**YOUR GOAL:** Would you retype the listing word for word, skipping its pictures?

**GIVEN MATERIAL:**
=====

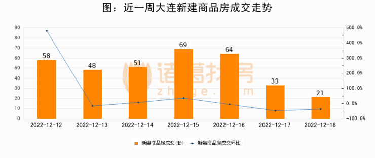 根据大连市住房保障和房屋管理局数据显示,2022年12月18日大连新建商品房成交21套,较昨日减少12套,环比下降36.4%
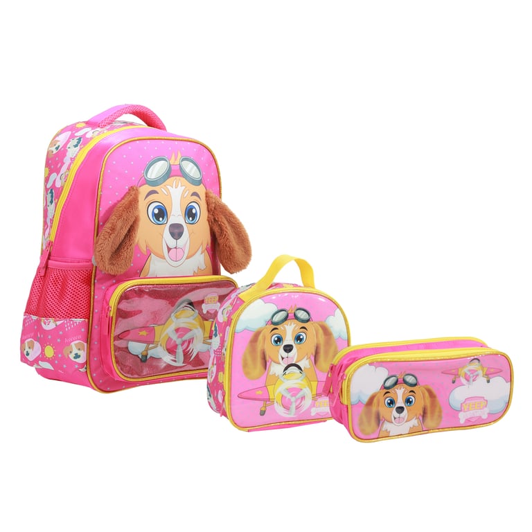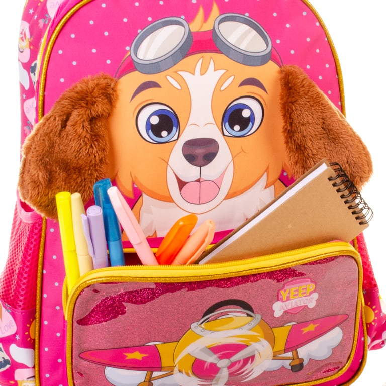 MOCHILA INFANTIL 40X30X16 CM CACHORRO E AVIÃO
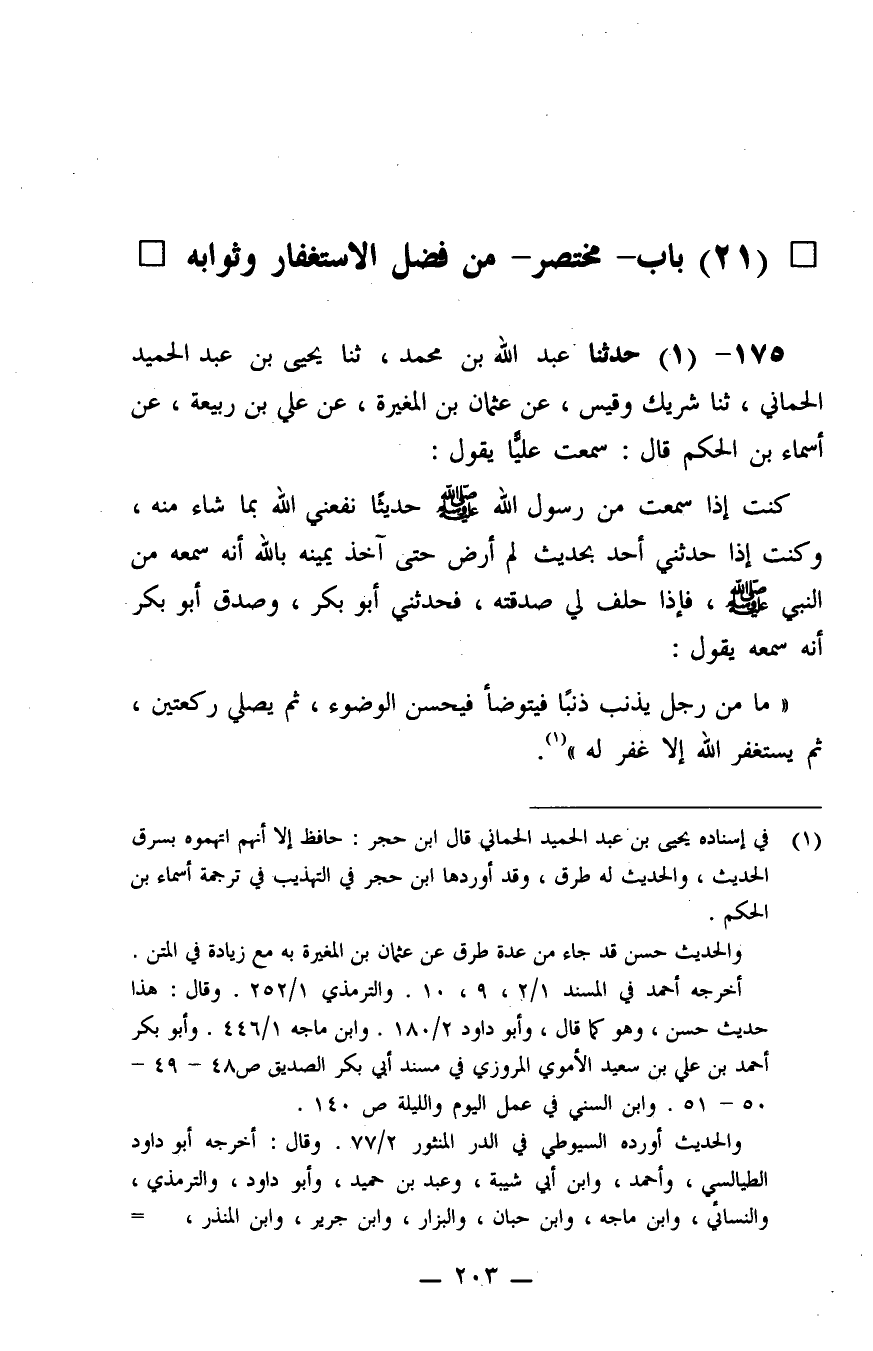 175 - حَدَّثَنَا عَبْدُ اللَّهِ بْنُ مُحَمَّدٍ، ثنا يَحْيَى بْنُ عَبْدِ الْحَمِيدِ الْحِمَّانِيُّ، ثنا شَرِيكٌ، وَقَيْسٌ، عَنْ عُثْمَانَ بْنِ الْمُغِيرَةِ، عَنْ عَلِيِّ بْنِ رَبِيعَةَ، عَنْ أَسْمَاءَ بْنِ الْحَكَمِ، قَالَ: سَمِعْتُ عَلِيًّا، يَقُولُ: كُنْتُ إِذَا سَمِعْتُ مِنَ رَسُولِ اللَّهِ صَلَّى اللَّهُ عَلَيْهِ وَسَلَّمَ حَدِيثًا نَفَعَنِي اللَّهُ بِمَا شَاءَ مِنْهُ، وَكُنْتُ إِذَا حَدَّثَنِي أَحَدٌ بِحَدِيثٍ لَمْ أَرْضَ حَتَّى آخُذَ يَمِينَهُ بِاللَّهِ أَنَّهُ سَمِعَهُ مِنَ النَّبِيِّ صَلَّى اللَّهُ عَلَيْهِ وَسَلَّمَ، فَإِذَا حَلَفَ لِي صَدَّقْتُهُ، فَحَدَّثَنِي أَبُو بَكْرٍ - وَصَدَقَ أَبُو بَكْرٍ - أَنَّهُ سَمِعَهُ يَقُولُ: «مَا مِنْ رَجُلٍ يُذْنِبُ ذَنْبًا فَيَتَوَضَّأُ فَيُحْسِنُ الْوُضُوءَ، ثُمَّ يُصَلِّي رَكْعَتَيْنِ، ثُمَّ يَسْتَغْفِرُ اللَّهَ؛ إِلَّا غُفِرَ لَهُ»

=====

**FINISHED EXERCISE:**
 根据大连市住房保障和房屋管理局数据显示,2022年12月18日大连新建商品房成交21套,较昨日减少12套,环比下降36.4%
 MOCHILA INFANTIL 40X30X16 CM CACHORRO E AVIÃO
 175 - حَدَّثَنَا عَبْدُ اللَّهِ بْنُ مُحَمَّدٍ، ثنا يَحْيَى بْنُ عَبْدِ الْحَمِيدِ الْحِمَّانِيُّ، ثنا شَرِيكٌ، وَقَيْسٌ، عَنْ عُثْمَانَ بْنِ الْمُغِيرَةِ، عَنْ عَلِيِّ بْنِ رَبِيعَةَ، عَنْ أَسْمَاءَ بْنِ الْحَكَمِ، قَالَ: سَمِعْتُ عَلِيًّا، يَقُولُ: كُنْتُ إِذَا سَمِعْتُ مِنَ رَسُولِ اللَّهِ صَلَّى اللَّهُ عَلَيْهِ وَسَلَّمَ حَدِيثًا نَفَعَنِي اللَّهُ بِمَا شَاءَ مِنْهُ، وَكُنْتُ إِذَا حَدَّثَنِي أَحَدٌ بِحَدِيثٍ لَمْ أَرْضَ حَتَّى آخُذَ يَمِينَهُ بِاللَّهِ أَنَّهُ سَمِعَهُ مِنَ النَّبِيِّ صَلَّى اللَّهُ عَلَيْهِ وَسَلَّمَ، فَإِذَا حَلَفَ لِي صَدَّقْتُهُ، فَحَدَّثَنِي أَبُو بَكْرٍ - وَصَدَقَ أَبُو بَكْرٍ - أَنَّهُ سَمِعَهُ يَقُولُ: «مَا مِنْ رَجُلٍ يُذْنِبُ ذَنْبًا فَيَتَوَضَّأُ فَيُحْسِنُ الْوُضُوءَ، ثُمَّ يُصَلِّي رَكْعَتَيْنِ، ثُمَّ يَسْتَغْفِرُ اللَّهَ؛ إِلَّا غُفِرَ لَهُ»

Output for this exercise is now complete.